## ABOUT THIS EXERCISE
The whole listing, apart from its images, should be restated word for word.

## DATA
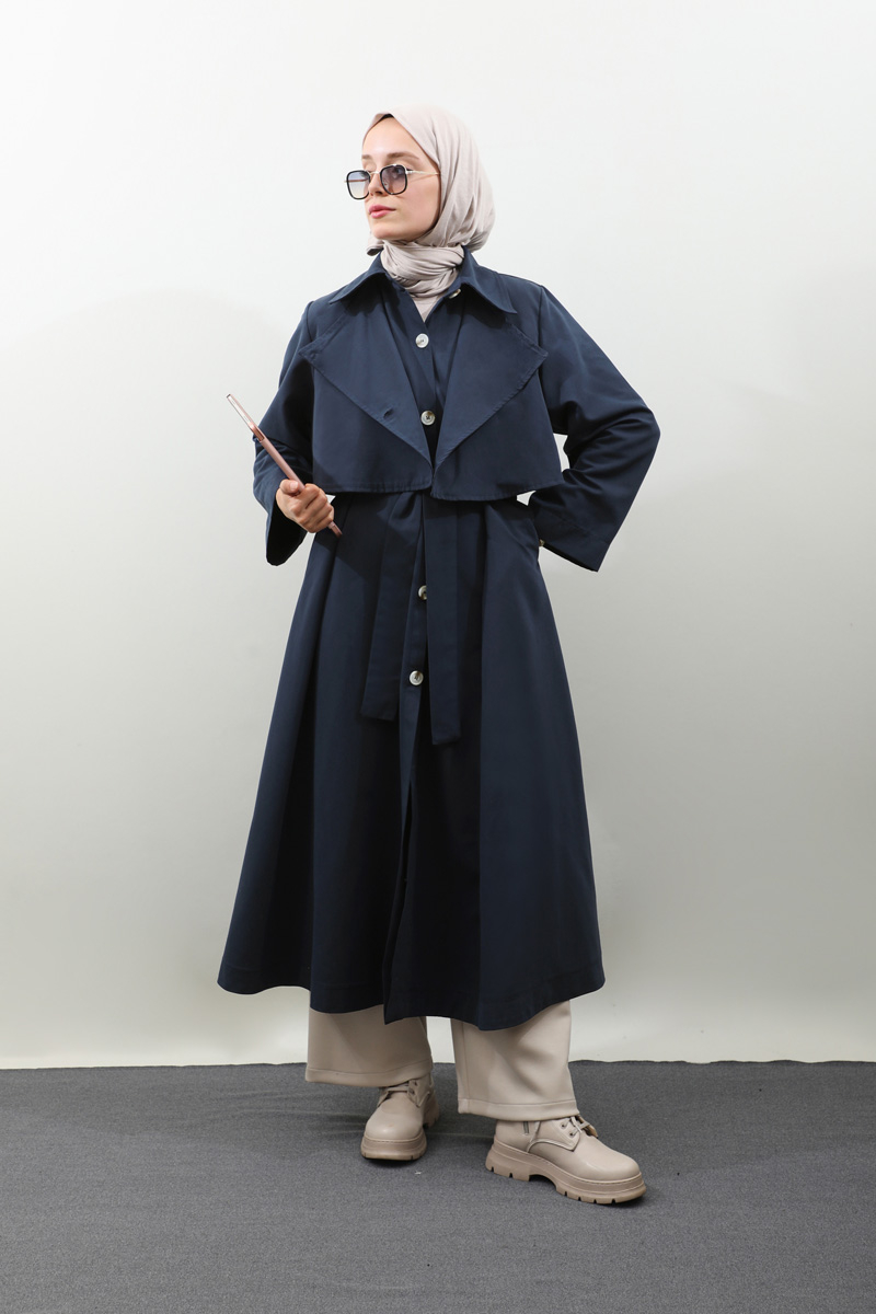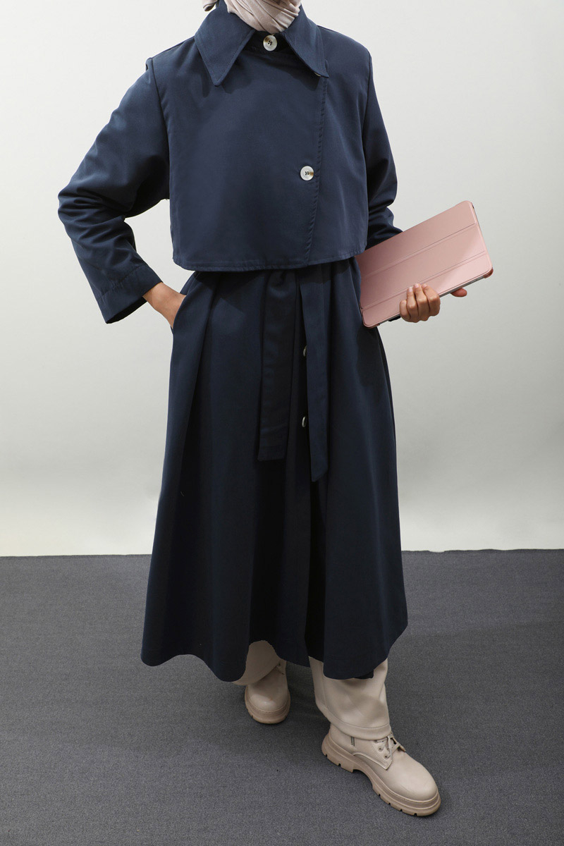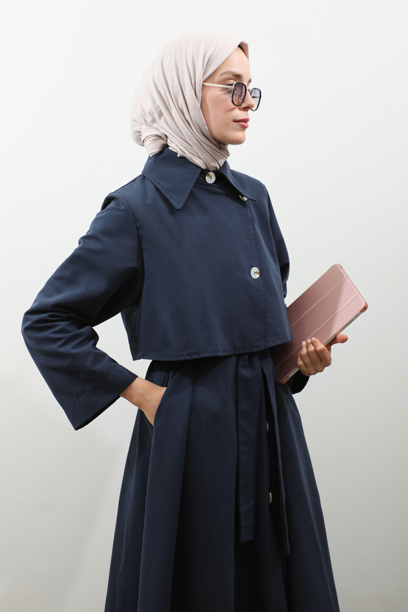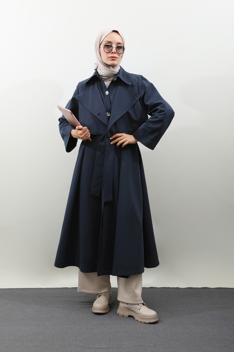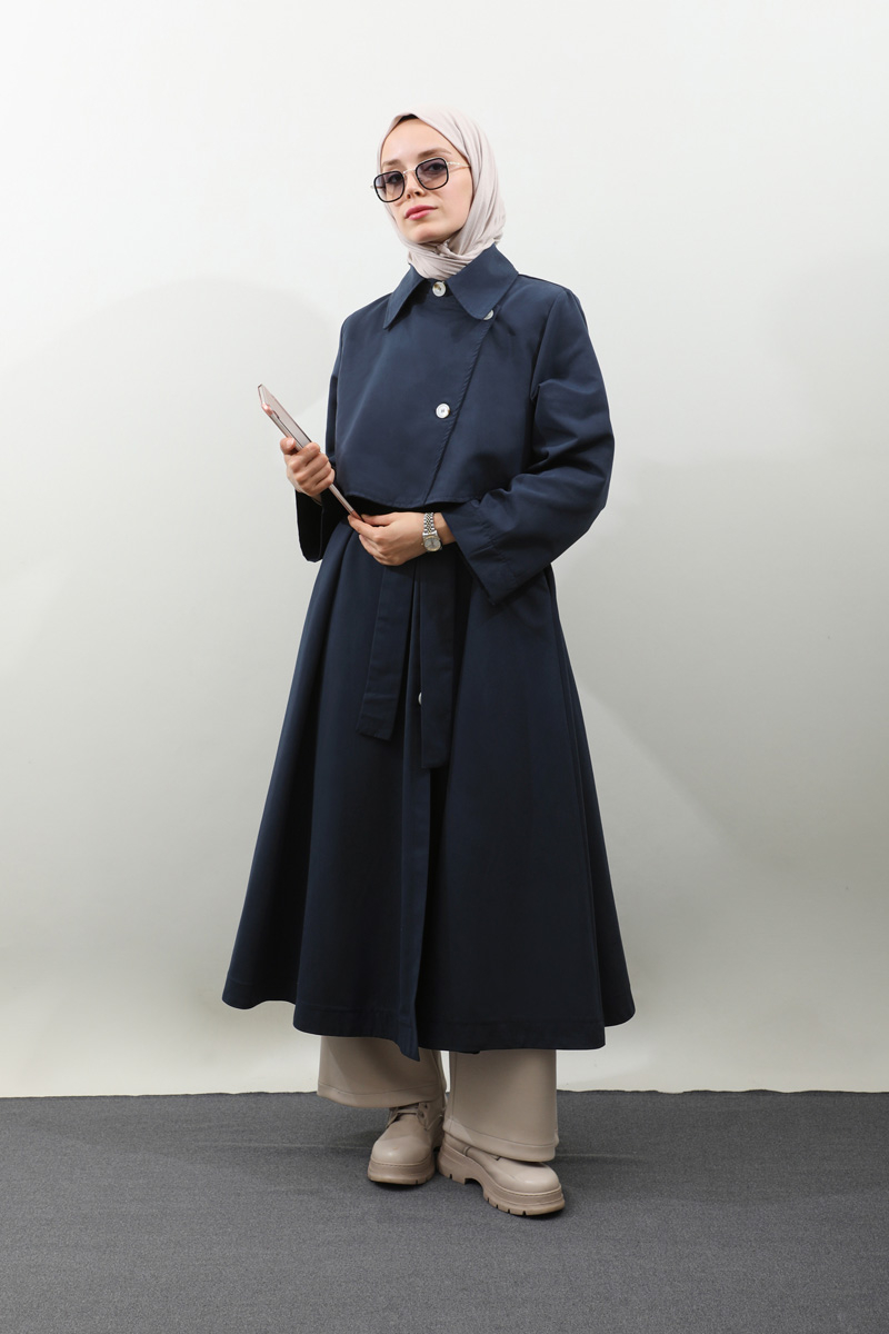 Parçalı Kloş Trençkot Koyu Lacivert. Gömlek yakadır, ceket parça detaylıdır. Üst parçada yaka ve göğüs kısmında düğmelidir. Belden aşağı kloş kalıp olup önden düğmedir. Ceplidir, kuşaklıdır, astarsızdır. Günlük kullanım ve özel günlerinizde tercih edebilirsiniz.
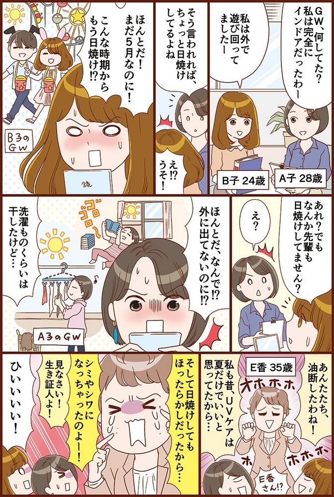 シミの元であるメラニンは、紫外線を浴びると肌の奥で生成が始まります。しかしすぐに始まるわけではなく、紫外線を浴びてからメラニンが定着するまでには3日以上かかると言われています。少しでもシミそばかすができにくくなるよう、日焼け後は早めのケアを
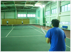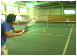 社内に施設されているテニスコートで、昼休みや業務終了後に活動を行っています。

## TASK RESPONSE
 Parçalı Kloş Trençkot Koyu Lacivert. Gömlek yakadır, ceket parça detaylıdır. Üst parçada yaka ve göğüs kısmında düğmelidir. Belden aşağı kloş kalıp olup önden düğmedir. Ceplidir, kuşaklıdır, astarsızdır. Günlük kullanım ve özel günlerinizde tercih edebilirsiniz.
 シミの元であるメラニンは、紫外線を浴びると肌の奥で生成が始まります。しかしすぐに始まるわけではなく、紫外線を浴びてからメラニンが定着するまでには3日以上かかると言われています。少しでもシミそばかすができにくくなるよう、日焼け後は早めのケアを
 社内に施設されているテニスコートで、昼休みや業務終了後に活動を行っています。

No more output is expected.